Shikha Singh, S. Madaminov, M. A. Bender, M. Ferdman, Ryan Johnson, Benjamin Moseley, H. Ngo, D. Nguyen, Soeren Olesen, R. Stirewalt, Geoffrey Washburn
{"title":"A Scheduling Approach to Incremental Maintenance of Datalog Programs","authors":"Shikha Singh, S. Madaminov, M. A. Bender, M. Ferdman, Ryan Johnson, Benjamin Moseley, H. Ngo, D. Nguyen, Soeren Olesen, R. Stirewalt, Geoffrey Washburn","doi":"10.1109/IPDPS47924.2020.00093","DOIUrl":null,"url":null,"abstract":"In this paper, we study the problem of incremental maintenance of Datalog programs and model it as a scheduling problem on DAGs. We design provably good time- and memory-efficient scheduling algorithms for (re)executing a Datalog program where some (but not necessarily all) of the inputs have changed. We prove that our schedulers, called LevelBased and LevelBased with lookahead, have asymptotically improved running time and space efficiency when compared with benchmark algorithms used in production at LogicBlox.The main result of the paper is a hybrid scheduler, which combines LevelBased with the production LogicBlox scheduler (or any other heuristic scheduler). The hybrid scheduler achieves strong worst-case guarantees and robustness without losing out on the best-case behavior of the production LogicBlox scheduler. Our experiments show that the hybrid scheduler results in similar or improved total execution times compared to LogicBlox scheduler, while consistently reducing the scheduling overhead—by as much as 50% on some datasets. This hybrid scheme requires little to no overhead but provides predictability and reliability, which are crucial in a commercial application such as LogicBlox.","PeriodicalId":6805,"journal":{"name":"2020 IEEE International Parallel and Distributed Processing Symposium (IPDPS)","volume":"23 1","pages":"864-873"},"PeriodicalIF":0.0000,"publicationDate":"2020-05-01","publicationTypes":"Journal Article","fieldsOfStudy":null,"isOpenAccess":false,"openAccessPdf":"","citationCount":"1","resultStr":null,"platform":"Semanticscholar","paperid":null,"PeriodicalName":"2020 IEEE International Parallel and Distributed Processing Symposium (IPDPS)","FirstCategoryId":"1085","ListUrlMain":"https://doi.org/10.1109/IPDPS47924.2020.00093","RegionNum":0,"RegionCategory":null,"ArticlePicture":[],"TitleCN":null,"AbstractTextCN":null,"PMCID":null,"EPubDate":"","PubModel":"","JCR":"","JCRName":"","Score":null,"Total":0}
引用次数: 1
Abstract
In this paper, we study the problem of incremental maintenance of Datalog programs and model it as a scheduling problem on DAGs.

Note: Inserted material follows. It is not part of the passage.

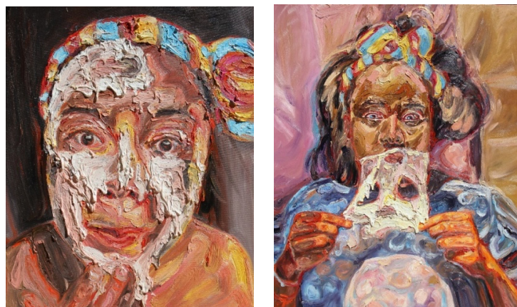
Figure 5. “hidden in the chrysalis 1” and “hidden in the chrysalis 2” Source : Natsuree Techawiriyataweesin

The painting series in phrase three includes “hidden in the chrysalis 1” (60x50 cm), “hidden in the chrysalis 2” (100x120 cm), “before becoming a butterfly 1” (120x100 cm), “before becoming a butterfly 2” (120x100 cm), “The innovation of molting 1” (100x100 cm), “the innovation of molting 2” (100x100 cm), and “in the state of chrysalis 1” (160x200 cm).

We design provably good time- and memory-efficient scheduling algorithms for (re)executing a Datalog program where some (but not necessarily all) of the inputs have changed. We prove that our schedulers, called LevelBased and LevelBased with lookahead, have asymptotically improved running time and space efficiency when compared with benchmark algorithms used in production at LogicBlox.The main result of the paper is a hybrid scheduler, which combines LevelBased with the production LogicBlox scheduler (or any other heuristic scheduler). The hybrid scheduler achieves strong worst-case guarantees and robustness without losing out on the best-case behavior of the production LogicBlox scheduler. Our experiments show that the hybrid scheduler results in similar or improved total execution times compared to LogicBlox scheduler, while consistently reducing the scheduling overhead—by as much as 50% on some datasets. This hybrid scheme requires little to no overhead but provides predictability and reliability, which are crucial in a commercial application such as LogicBlox.
本文研究了数据表程序的增量维护问题,并将其建模为dag上的调度问题。我们设计了可证明的时间和内存效率高的调度算法,用于(重新)执行一些(但不一定是全部)输入发生变化的Datalog程序。我们证明了我们的调度器,称为LevelBased和LevelBased with forward,与LogicBlox生产中使用的基准算法相比,已经逐渐提高了运行时间和空间效率。本文的主要成果是一个混合调度器,它结合了LevelBased和生产LogicBlox调度器(或任何其他启发式调度器)。混合调度器实现了强大的最坏情况保证和健壮性,而不会失去生产LogicBlox调度器的最佳情况行为。我们的实验表明,与LogicBlox调度器相比,混合调度器的总执行时间相似或改进,同时在某些数据集上始终如一地减少调度开销,最多可减少50%。这种混合方案几乎不需要任何开销,但提供了可预测性和可靠性,这在LogicBlox等商业应用程序中是至关重要的。